* Work instructions
Beneath this line sits some data. Return only its lines from the one holding "a girl in a" through the one holding "is Tiny etc...)", inclusive, exactly, with the images removed.

* Data
%%
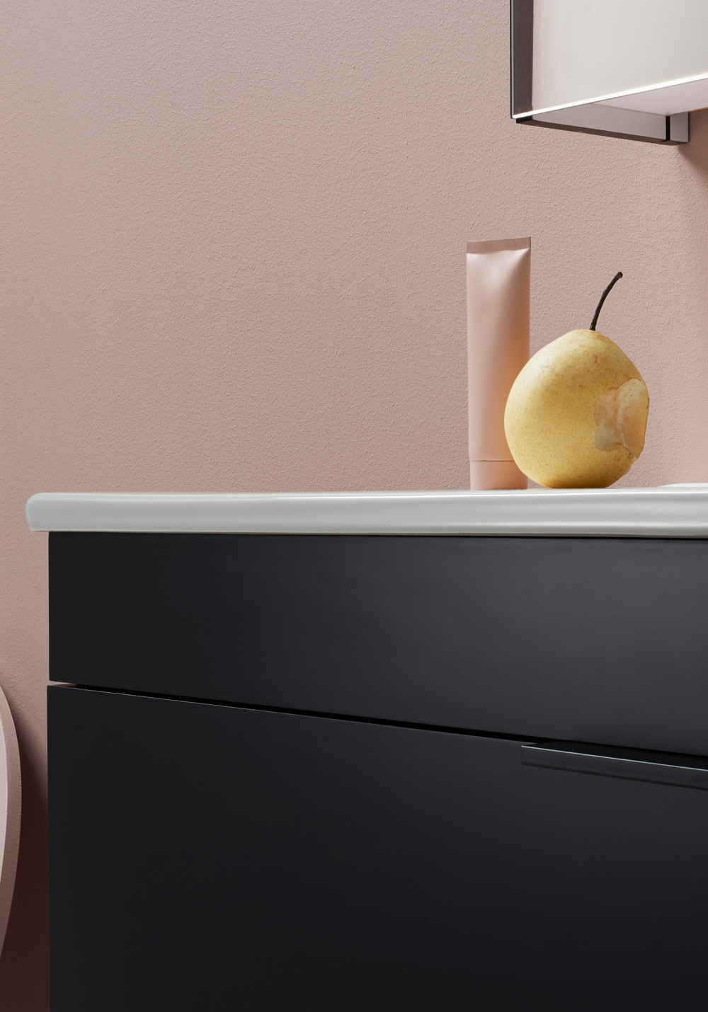 Servantskap i matt lakk i hvitt og svart eller hvit høyglans med mykstengende skuff som gir generøs oppbevaring.
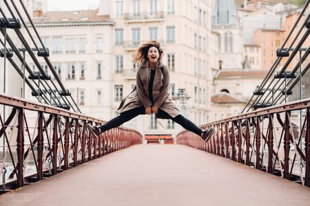 a girl in a coat with her hair down jumps emotionally on a bridge in the old city of Lyon. France. Girl in a coat in France
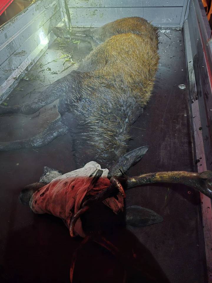 Osiem godzin walki o życie jelenia - poruszająca akcja ratunkowa strażaków, myśliwych i weterynarza [Foto]
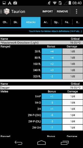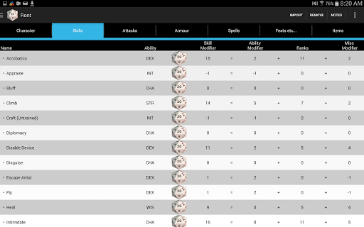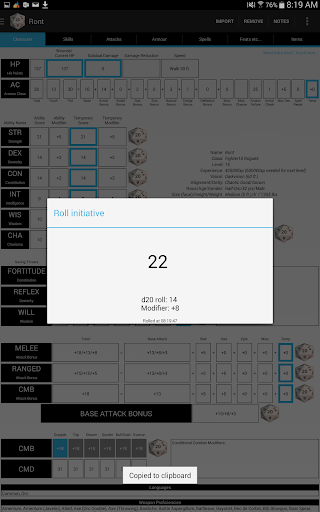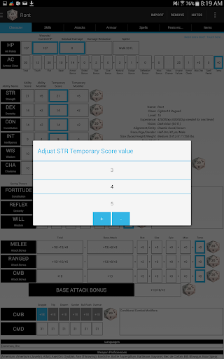 *CMB - the app detects whether your imported CMB Stat value is the same as your STR or DEX modifier, to determine which stat should affect it through Stat Linking (due to certain feats, whether you character size is Tiny etc...)
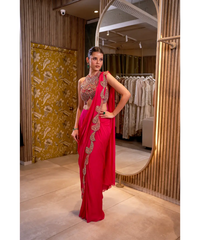 The Parizaad Saree Set is a tribute to exquisite drapery. The saree, bordered with fine details, is paired with a heavily embellished blouse. The blend of organza and chiffon flows beautifully, offering a couture experience that captures poetic elegance and timeless beauty.
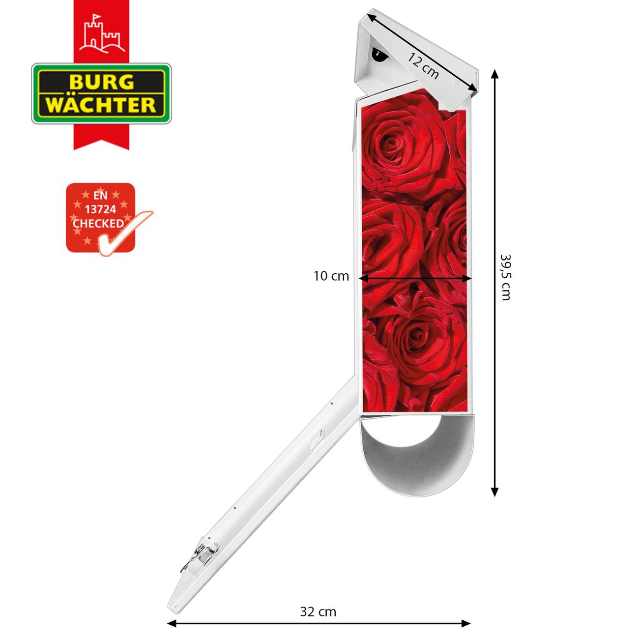 Der BURG-WÄCHTER Stahl Briefkasten mit Rosenbett Motiv bietet Ihnen mit seinem Fassungsvermögen genügend Platz auch für große A4 Sendungen und Zeitschriften. Das integrierte Regendach schützt Ihre Post vor dem Eindringen von Regen.
%%
* Output for this task
 a girl in a coat with her hair down jumps emotionally on a bridge in the old city of Lyon. France. Girl in a coat in France
 Osiem godzin walki o życie jelenia - poruszająca akcja ratunkowa strażaków, myśliwych i weterynarza [Foto]
 *CMB - the app detects whether your imported CMB Stat value is the same as your STR or DEX modifier, to determine which stat should affect it through Stat Linking (due to certain feats, whether you character size is Tiny etc...)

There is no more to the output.